The xlwt and xlrd modules are not included as part of the standard Python install, therefore you will have to download them and install them yourself. The modules can be found at the following locations.

If you are using Windows the installation is as simple as downloading the executable and going through the installer. For linux users just download either the .tar.gz or .zip file, extract the contents and run the setup.py file and the setup script will do the rest.

python setup.py install

Creating Excel Spreadsheets with xlwt

Now we have the modules installed we can make a start by creating an excel spreadsheet and putting some data in it. First we must import the xlwt module we have just installed.

import xlwt

Now we can create a new workbook object which we will populate with information. In this example I have set the encoding parameter to utf-8 but this is optional.

book = xlwt.Workbook(encoding="utf-8")

With a workbook object made we can now add some sheets.

sheet1 = book.add_sheet("Python Sheet 1")
sheet2 = book.add_sheet("Python Sheet 2")
sheet3 = book.add_sheet("Python Sheet 3")

We have now formed a workbook object which we can add data to before outputting it to the file system. Adding information to a spreadsheet is simply a case of using the write() function of the sheet objects we created before.

sheet1.write(0, 0, "This is the First Cell of the First Sheet")
sheet2.write(0, 0, "This is the First Cell of the Second Sheet")
sheet3.write(0, 0, "This is the First Cell of the Third Sheet")
sheet2.write(1, 10, "This is written to the Second Sheet")
sheet3.write(0, 2, "This is part of a list of information in the Third Sheet")
sheet3.write(1, 2, "This is part of a list of information in the Third Sheet")
sheet3.write(2, 2, "This is part of a list of information in the Third Sheet")
sheet3.write(3, 2, "This is part of a list of information in the Third Sheet")

After the spreadsheet is formed, the sheets are added and the data is written it is time to commit our new spreadsheet to the file system. To do this we use the book's save() method, passing the path to the file as a parameter. If a file already exists where you intend to save your spreadsheet it will be overwritten.

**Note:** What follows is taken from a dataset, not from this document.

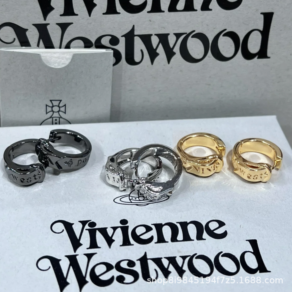 Empress Dowager Vivian New Belt Buckle Circle Letter Saturn Earrings High Sense Elegant Men's and Women's Earrings

book.save("python_spreadsheet.xls")

There we have a simple introduction to using Python to create excel spreadsheets. The library lacks support for many standard excel features such as formulas and macros but is very effective for simple tasks. XLWT currently supports up to Excel 2003 with support for Excel 2007 on the way, along with a wave of new functionality. Here is the script above in its entirety to make it easier for you to copy.

#!/usr/bin/python
# -*- coding: utf-8 -*-

import xlwt

book = xlwt.Workbook(encoding="utf-8")

sheet1 = book.add_sheet("Python Sheet 1")
sheet2 = book.add_sheet("Python Sheet 2")
sheet3 = book.add_sheet("Python Sheet 3")

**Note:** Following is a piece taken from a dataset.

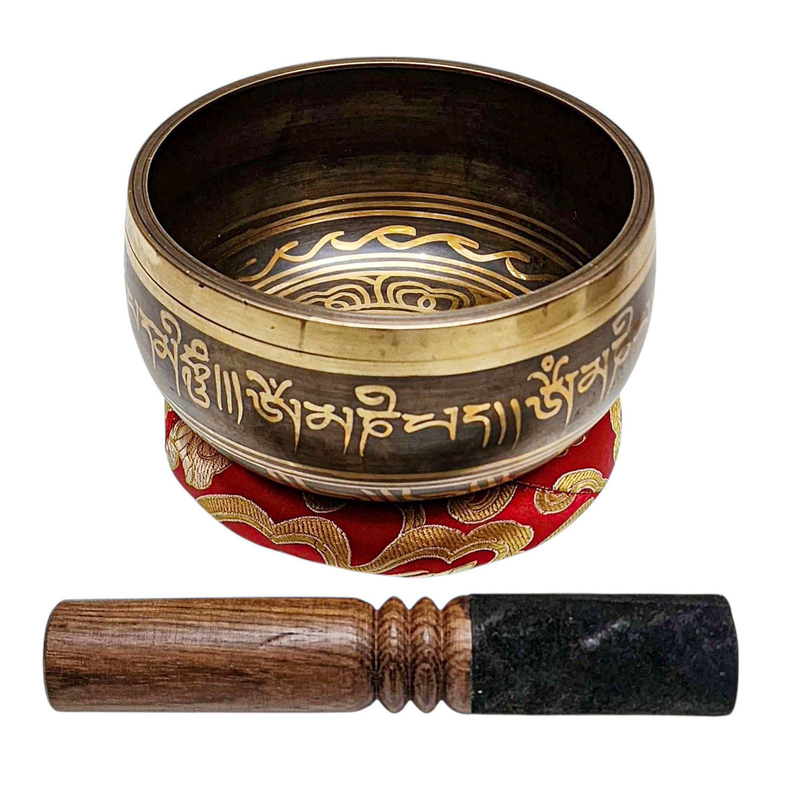 The Jambati Singing Bowl you are purchasing includes a cushion, a wooden playing mallet, and a felt-hitting mallet for playing the bowl. If you require additional accessories, you can browse the options above and purchase them separately. Should you have any further questions or need assistance, please don't hesitate to let us know. Read More

sheet1.write(0, 0, "This is the First Cell of the First Sheet")
sheet2.write(0, 0, "This is the First Cell of the Second Sheet")
sheet3.write(0, 0, "This is the First Cell of the Third Sheet")
sheet2.write(1, 10, "This is written to the Second Sheet")
sheet3.write(0, 2, "This is part of a list of information in the Third Sheet")
sheet3.write(1, 2, "This is part of a list of information in the Third Sheet")
sheet3.write(2, 2, "This is part of a list of information in the Third Sheet")
sheet3.write(3, 2, "This is part of a list of information in the Third Sheet")

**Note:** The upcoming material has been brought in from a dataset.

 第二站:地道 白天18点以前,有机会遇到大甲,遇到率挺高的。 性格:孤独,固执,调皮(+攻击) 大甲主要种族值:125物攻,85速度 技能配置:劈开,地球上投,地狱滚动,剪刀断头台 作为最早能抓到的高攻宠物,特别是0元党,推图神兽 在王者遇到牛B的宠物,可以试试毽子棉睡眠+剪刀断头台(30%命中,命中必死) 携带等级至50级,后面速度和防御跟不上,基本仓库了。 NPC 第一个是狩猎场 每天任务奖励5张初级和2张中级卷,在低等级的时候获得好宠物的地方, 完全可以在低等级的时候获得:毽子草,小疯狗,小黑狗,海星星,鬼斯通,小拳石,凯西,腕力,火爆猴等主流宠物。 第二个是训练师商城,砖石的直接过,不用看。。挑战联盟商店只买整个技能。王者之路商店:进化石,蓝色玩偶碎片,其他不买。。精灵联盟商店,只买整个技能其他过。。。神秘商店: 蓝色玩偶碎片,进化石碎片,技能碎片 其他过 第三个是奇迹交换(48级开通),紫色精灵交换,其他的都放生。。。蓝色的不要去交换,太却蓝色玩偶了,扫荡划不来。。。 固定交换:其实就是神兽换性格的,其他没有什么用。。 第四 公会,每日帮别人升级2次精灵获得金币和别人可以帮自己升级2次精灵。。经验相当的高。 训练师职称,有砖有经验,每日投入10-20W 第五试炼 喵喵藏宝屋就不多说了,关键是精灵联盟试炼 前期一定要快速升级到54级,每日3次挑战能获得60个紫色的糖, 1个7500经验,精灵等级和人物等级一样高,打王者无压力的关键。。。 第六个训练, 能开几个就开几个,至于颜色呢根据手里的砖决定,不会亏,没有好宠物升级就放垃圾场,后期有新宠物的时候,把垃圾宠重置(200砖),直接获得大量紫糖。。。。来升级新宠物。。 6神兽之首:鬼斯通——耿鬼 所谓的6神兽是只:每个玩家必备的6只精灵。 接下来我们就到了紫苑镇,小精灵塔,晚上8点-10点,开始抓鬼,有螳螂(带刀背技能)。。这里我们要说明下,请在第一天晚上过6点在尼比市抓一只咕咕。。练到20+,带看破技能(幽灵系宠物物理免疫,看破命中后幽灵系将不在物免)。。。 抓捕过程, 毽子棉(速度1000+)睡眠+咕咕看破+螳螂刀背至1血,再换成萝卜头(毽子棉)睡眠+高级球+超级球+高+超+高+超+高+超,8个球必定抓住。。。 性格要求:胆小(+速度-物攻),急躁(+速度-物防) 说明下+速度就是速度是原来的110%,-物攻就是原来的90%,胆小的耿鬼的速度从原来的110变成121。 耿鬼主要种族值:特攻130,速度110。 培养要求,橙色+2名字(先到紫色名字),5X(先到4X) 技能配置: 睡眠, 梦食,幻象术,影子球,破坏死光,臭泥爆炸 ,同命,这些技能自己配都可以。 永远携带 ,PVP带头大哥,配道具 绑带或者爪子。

book.save("python_spreadsheet.xls")

Reading Excel Spreadsheets with xlrd

Reading spreadsheets is just as easy as writing them but first we must first import the xlrd module we installed earlier.

import xlrd

We must now open a workbook using the open_workbook() method passing the file path as a parameter.

book = xlrd.open_workbook("python_spreadsheet.xls")

In order to access a sheet within the workbook object we have just created, we can use the books sheet_by_name() method passing the name of the sheet as a parameter. If we do not know the names of the sheets in the book we can access the workbook objects sheet_names() method which will return the names of the sheets inside the book as a list. Here is an example which iterates through the sheets of the book object printing out their names to the terminal.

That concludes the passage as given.